WORK ORDER
Reproduce only this stretch of the listing below: from the line with "- Stronger and" through the line with "12/19 3-1 卒業の歌", exactly as written, with pictures excluded.

DATA EXCERPT
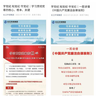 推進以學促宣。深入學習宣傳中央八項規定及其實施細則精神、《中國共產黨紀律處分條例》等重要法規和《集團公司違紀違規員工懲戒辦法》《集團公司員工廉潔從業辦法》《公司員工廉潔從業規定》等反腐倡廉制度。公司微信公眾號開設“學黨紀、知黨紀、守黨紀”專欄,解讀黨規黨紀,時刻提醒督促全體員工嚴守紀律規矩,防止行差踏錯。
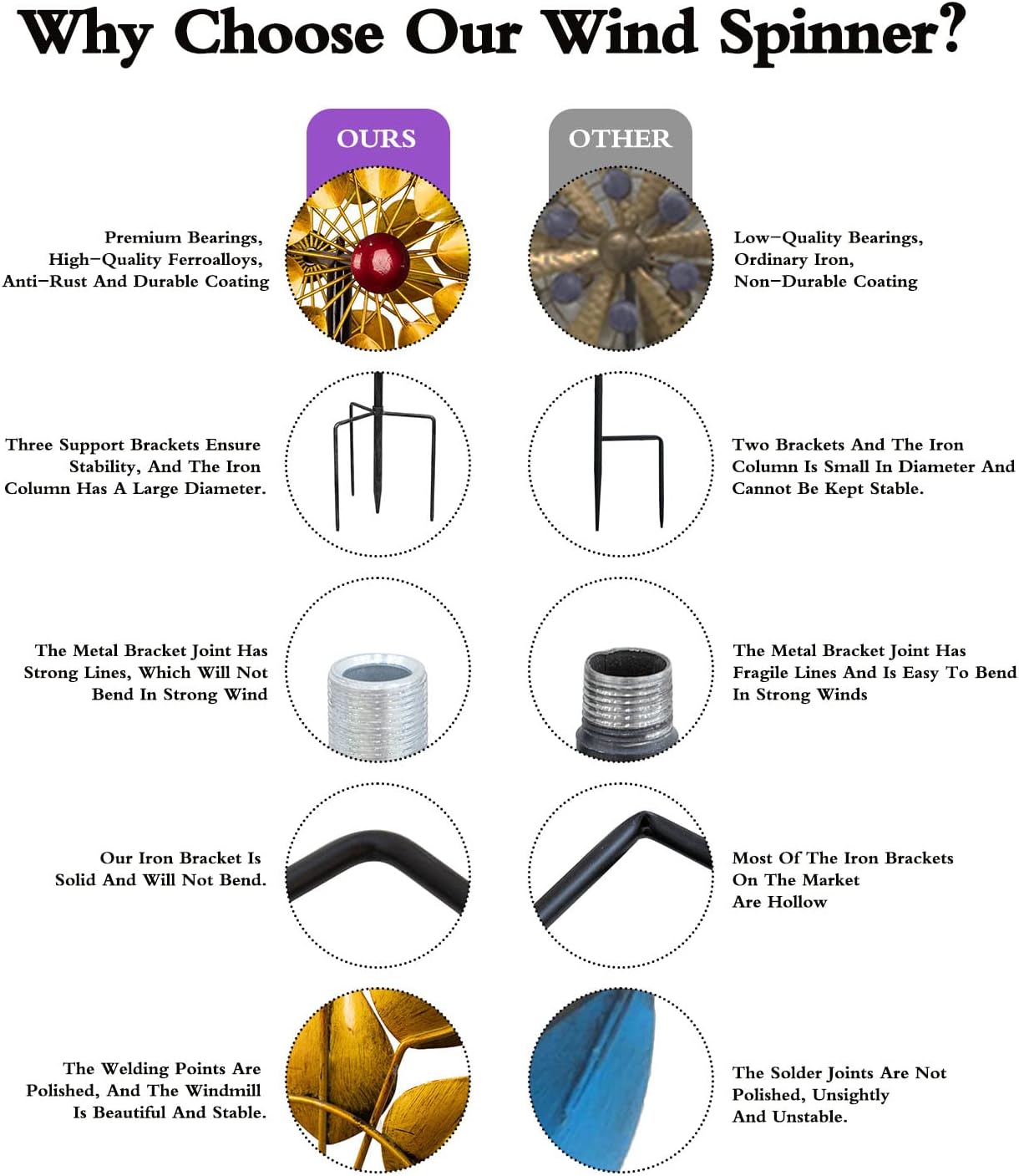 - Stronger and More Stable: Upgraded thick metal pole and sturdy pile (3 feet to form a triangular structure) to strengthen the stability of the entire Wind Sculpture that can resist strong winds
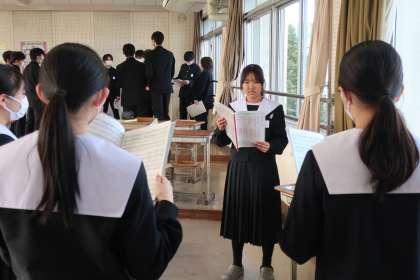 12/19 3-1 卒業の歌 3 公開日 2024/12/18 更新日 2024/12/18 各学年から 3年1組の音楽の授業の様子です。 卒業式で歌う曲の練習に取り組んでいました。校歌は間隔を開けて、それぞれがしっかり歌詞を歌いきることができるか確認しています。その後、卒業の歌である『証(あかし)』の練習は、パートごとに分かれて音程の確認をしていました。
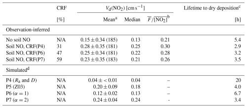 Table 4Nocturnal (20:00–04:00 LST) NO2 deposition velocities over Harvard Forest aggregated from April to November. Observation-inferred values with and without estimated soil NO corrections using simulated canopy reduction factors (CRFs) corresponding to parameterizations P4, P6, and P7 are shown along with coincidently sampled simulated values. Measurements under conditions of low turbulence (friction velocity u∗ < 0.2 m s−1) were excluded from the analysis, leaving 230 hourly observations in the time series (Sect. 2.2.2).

FINAL ANSWER
 - Stronger and More Stable: Upgraded thick metal pole and sturdy pile (3 feet to form a triangular structure) to strengthen the stability of the entire Wind Sculpture that can resist strong winds
 12/19 3-1 卒業の歌 3 公開日 2024/12/18 更新日 2024/12/18 各学年から 3年1組の音楽の授業の様子です。 卒業式で歌う曲の練習に取り組んでいました。校歌は間隔を開けて、それぞれがしっかり歌詞を歌いきることができるか確認しています。その後、卒業の歌である『証(あかし)』の練習は、パートごとに分かれて音程の確認をしていました。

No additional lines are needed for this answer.